### Record set
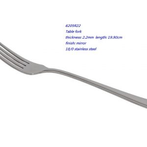 - 6205R22 Table fork thickness: 2.2mm length: 19.90cm finish: mirror 18/0 stainless steel
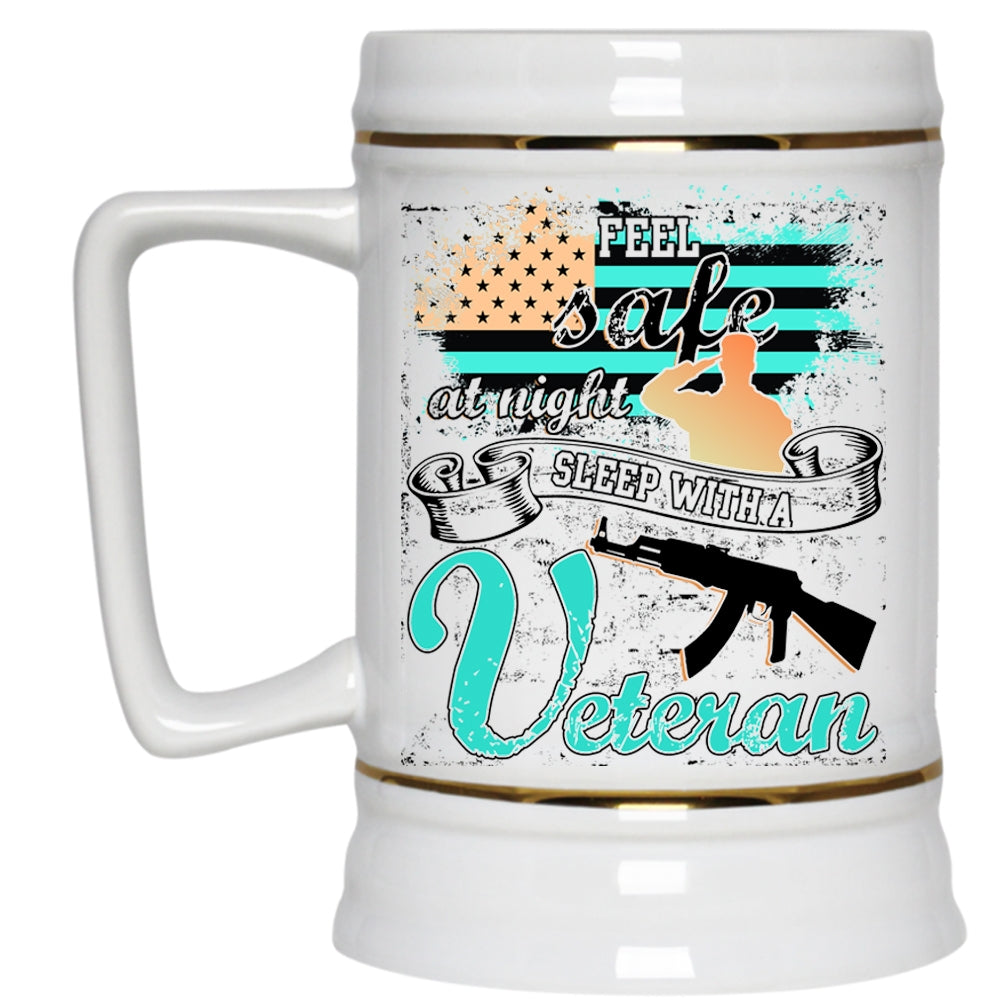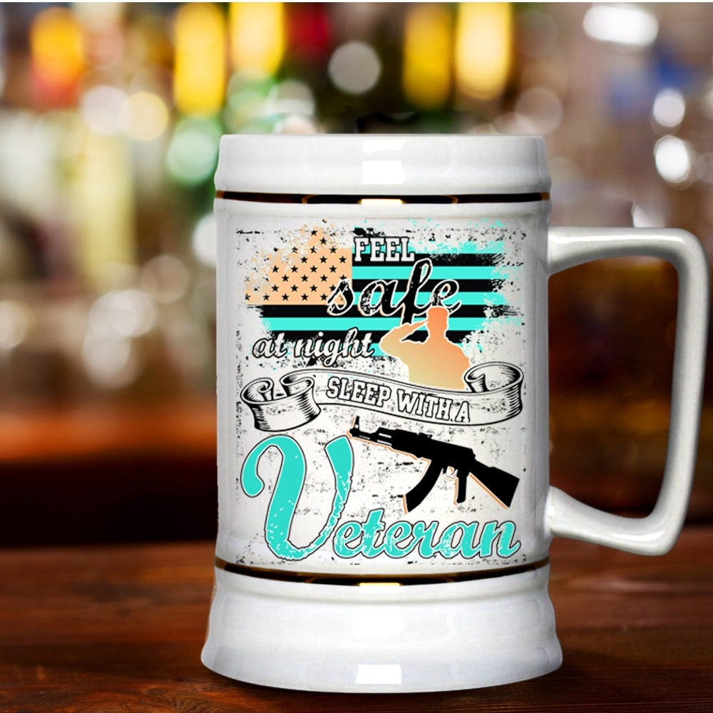American Flag Beer Stein 22oz, Feel Safe At Night Sleep With A Veteran Beer Mug
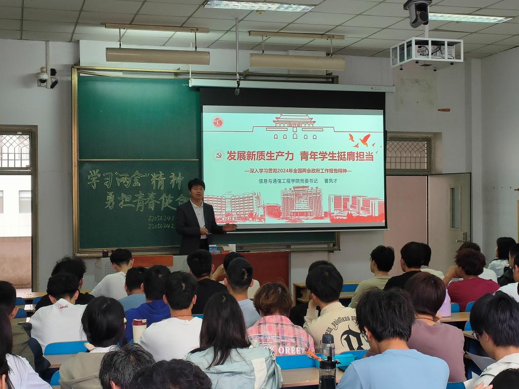 为深入学习贯彻落实习近平总书记在全国“两会”期间的重要讲话和全国“两会”精神,落实立德树人根本任务,4月19日-28日期间,信息与通信工程学院领导班子走进本科生班级开展“感悟两会精神 强化使命担当”主题班会。
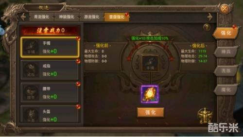 1. 可通过消耗指定材料对雷霆装备进行强化,提升基础属性
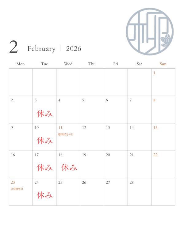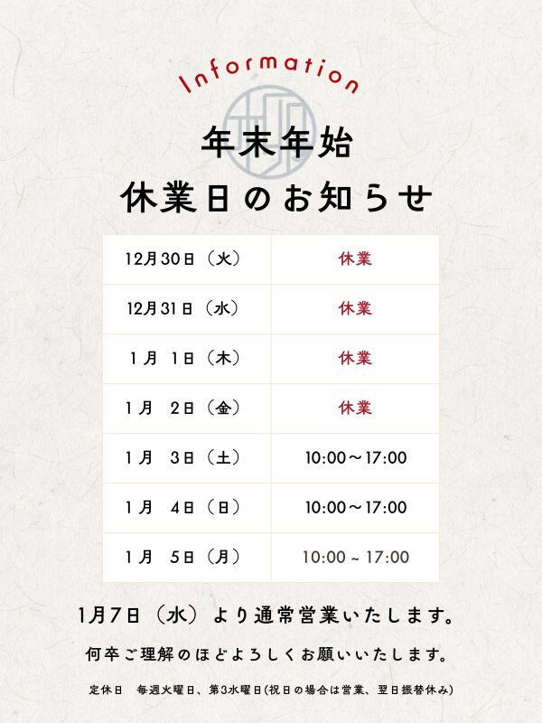 1月3日(土)、1月4日(日)、1月5日(月)は10:00~17:00迄の営業になります。
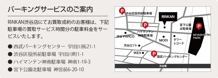 首都高速3号渋谷線の渋谷出口、国道246号渋谷駅西口交差点を左折して約5分。RINKAN渋谷店の近隣には、西武パーキングセンター、渋谷区役所前公共駐車場、ハイマンテン神南駐車場などコインパーキング、宮下公園北駐車場などあり、RINKAN渋谷店にてお買取成約で、買取サービス時間分の駐車代をサービスいたします。
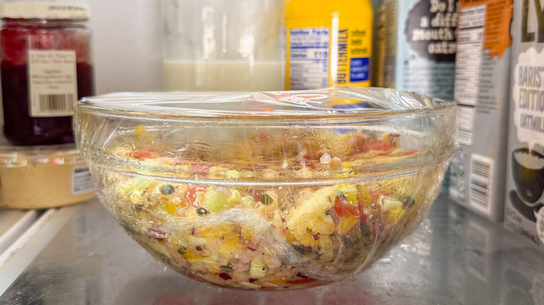 - Cover the bowl and refrigerate for at least 1 hour for the flavors to combine and the bread to soften.

### Work to complete
The records above should be returned word for word, with every picture left out.

### Result of this task
 - 6205R22 Table fork thickness: 2.2mm length: 19.90cm finish: mirror 18/0 stainless steel
American Flag Beer Stein 22oz, Feel Safe At Night Sleep With A Veteran Beer Mug
 为深入学习贯彻落实习近平总书记在全国“两会”期间的重要讲话和全国“两会”精神,落实立德树人根本任务,4月19日-28日期间,信息与通信工程学院领导班子走进本科生班级开展“感悟两会精神 强化使命担当”主题班会。
 1. 可通过消耗指定材料对雷霆装备进行强化,提升基础属性
 1月3日(土)、1月4日(日)、1月5日(月)は10:00~17:00迄の営業になります。
 首都高速3号渋谷線の渋谷出口、国道246号渋谷駅西口交差点を左折して約5分。RINKAN渋谷店の近隣には、西武パーキングセンター、渋谷区役所前公共駐車場、ハイマンテン神南駐車場などコインパーキング、宮下公園北駐車場などあり、RINKAN渋谷店にてお買取成約で、買取サービス時間分の駐車代をサービスいたします。
 - Cover the bowl and refrigerate for at least 1 hour for the flavors to combine and the bread to soften.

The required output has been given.